В секторе розничной торговли наблюдается такой же переход. Автоматизированные контрольно-кассовые пункты заменили кассиров, а автоматизированные склады устранили ручной труд в подсобных помещениях. В индустрии пассажирских перевозок все шире применяется технология распознавания речи, которая позволяет вести переговоры с клиентом в реальном времени и бронировать билеты на транспорт и номера в гостиницах без вмешательства человека. Даже больницы переходят на интеллектуальные системы, где роботы выполняют рутинные задачи от простых операций и диагностирования заболеваний до уборки и ухода за больными. Интеллектуальные технологии берут на себя множество функций, выполнявшихся когда-то людьми, от управления пригородными поездами и системами вооружений до покупки и продажи акций на бирже.
В скором времени ожидается появление нового поколения роботов с такой же мобильностью, как и у людей, с эмоциональными проявлениями и когнитивными способностями, — роботов, которые будут отвечать на вопросы людей и выполнять их указания быстро и гибко.

Пока львиная доля прироста производительности труда приходится на производственный, финансовый и оптово-розничный секторы. Однако с повышением гибкости и с удешевлением интеллектуальных технологий, а также возобновляемых источников энергии мы, похоже, увидим аналогичные изменения и в остальных секторах экономики США, где производительность труда мало менялась на протяжении последних 30 лет.
Парадокс заключается в том, что если рост производительности труда, связанный с применением интеллектуальных технологий, робототехники и автоматизированных систем, и дальше будет превращать все больше и больше работников в частично занятых или безработных по всему миру, то снижение покупательной способности, скорее всего, прекратит дальнейший экономический рост. Иными словами, если интеллектуальная техника будет постепенно заменять рабочих, оставляя людей без источников дохода, то кто тогда сможет покупать всю эту производимую продукцию и предлагаемые услуги?

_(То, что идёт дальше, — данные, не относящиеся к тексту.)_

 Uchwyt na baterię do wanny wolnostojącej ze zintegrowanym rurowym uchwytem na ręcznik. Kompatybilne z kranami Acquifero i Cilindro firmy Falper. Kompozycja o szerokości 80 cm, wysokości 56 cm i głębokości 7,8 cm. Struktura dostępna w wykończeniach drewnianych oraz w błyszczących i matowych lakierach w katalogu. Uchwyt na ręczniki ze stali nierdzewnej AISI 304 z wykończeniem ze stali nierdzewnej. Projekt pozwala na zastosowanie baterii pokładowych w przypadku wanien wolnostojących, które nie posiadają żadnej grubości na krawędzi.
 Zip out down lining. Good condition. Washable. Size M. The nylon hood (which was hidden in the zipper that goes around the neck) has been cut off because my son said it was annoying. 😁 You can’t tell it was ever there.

Интеллектуальные технологии только начинают видоизменять мировую экономику. Искусственный интеллект, по-видимому, вытеснит десятки миллионов рабочих во всех отраслях и секторах в последующие десятилетия. Рей Курцвейл из Массачусетского технологического института замечает, что «темпы изменения созданных человеком технологий ускоряются, а их возможности возрастают экспоненциально». По расчетам Курцвейла, при сохранении нынешних темпов изменения технологии мы к концу XXI века «станем свидетелями прогресса, сопоставимого с прогрессом предшествующих 20 000 лет, или в 1000 раз большего, чем тот, что был достигнут в XX веке». Иначе говоря, поскольку темпы прогресса удваиваются каждое десятилетие, мы, скорее всего, будем пожинать плоды, «эквивалентные вековому прогрессу (при сегодняшних темпах), всего за 25 календарных дней».
Курцвейл и другие ученые предлагают нам представить, какое воздействие на человеческое общество это может оказать, учитывая, что к концу нынешнего столетия интеллектуальные технологии будут «в триллионы триллионов раз более эффективными, чем невооруженный человеческий разум».

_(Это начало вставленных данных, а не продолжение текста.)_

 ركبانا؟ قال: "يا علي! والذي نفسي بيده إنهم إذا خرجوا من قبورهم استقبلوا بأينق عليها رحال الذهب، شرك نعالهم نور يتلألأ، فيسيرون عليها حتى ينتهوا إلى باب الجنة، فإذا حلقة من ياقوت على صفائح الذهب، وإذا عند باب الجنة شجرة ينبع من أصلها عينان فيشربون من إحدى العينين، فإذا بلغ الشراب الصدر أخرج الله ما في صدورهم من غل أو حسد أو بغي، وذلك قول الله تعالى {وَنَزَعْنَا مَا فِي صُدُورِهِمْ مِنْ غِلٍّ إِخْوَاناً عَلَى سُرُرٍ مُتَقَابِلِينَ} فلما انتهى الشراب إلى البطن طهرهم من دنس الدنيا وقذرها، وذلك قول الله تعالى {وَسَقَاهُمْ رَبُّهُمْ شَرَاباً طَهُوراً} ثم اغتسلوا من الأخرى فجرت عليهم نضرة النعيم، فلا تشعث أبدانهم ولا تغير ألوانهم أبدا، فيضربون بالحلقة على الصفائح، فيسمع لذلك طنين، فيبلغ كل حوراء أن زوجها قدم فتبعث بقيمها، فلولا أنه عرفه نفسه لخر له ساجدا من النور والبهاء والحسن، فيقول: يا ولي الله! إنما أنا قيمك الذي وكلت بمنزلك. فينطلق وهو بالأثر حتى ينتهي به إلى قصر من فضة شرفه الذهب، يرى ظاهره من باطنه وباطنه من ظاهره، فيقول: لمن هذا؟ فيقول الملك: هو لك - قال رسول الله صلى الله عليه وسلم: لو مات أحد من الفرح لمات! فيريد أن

Последствия для живого труда — профессионального и технического — будут ошеломляющими. Если промышленная эра положила конец рабскому труду, то эра сотрудничества приведет, по-видимому, к концу массового наемного труда. Практически все глобальные компании, с которыми я работаю, считают, что интеллектуальные технологии заменят массовый живой труд в течение ближайших десятилетий. Если XIX и XX века характеризовались массовым трудом людей, использующих машины, то для XXI века характерна высокоспециализированная, высокотехнологичная, профессиональная рабочая сила, занимающаяся программированием и мониторингом интеллектуальных технологических систем. Все это порождает вопрос, как обеспечить занятость сотен миллионов людей по мере нашего продвижения вглубь столетия.
Третья промышленная революция является, пожалуй, последней в истории возможностью создать миллионы рабочих мест для наемных работников без тех катастрофических последствий, которые омрачали технический прогресс на протяжении десятилетий или даже столетий. Хотя третья промышленная революция создает инфраструктуру для перехода к распределенной эре сотрудничества, знаменующей конец промышленной эпохи и неразрывно связанной с ней массовой рабочей силы, строительство базовых элементов инфраструктуры в течение следующих 40 лет потребует последнего массированного использования трудовых ресурсов.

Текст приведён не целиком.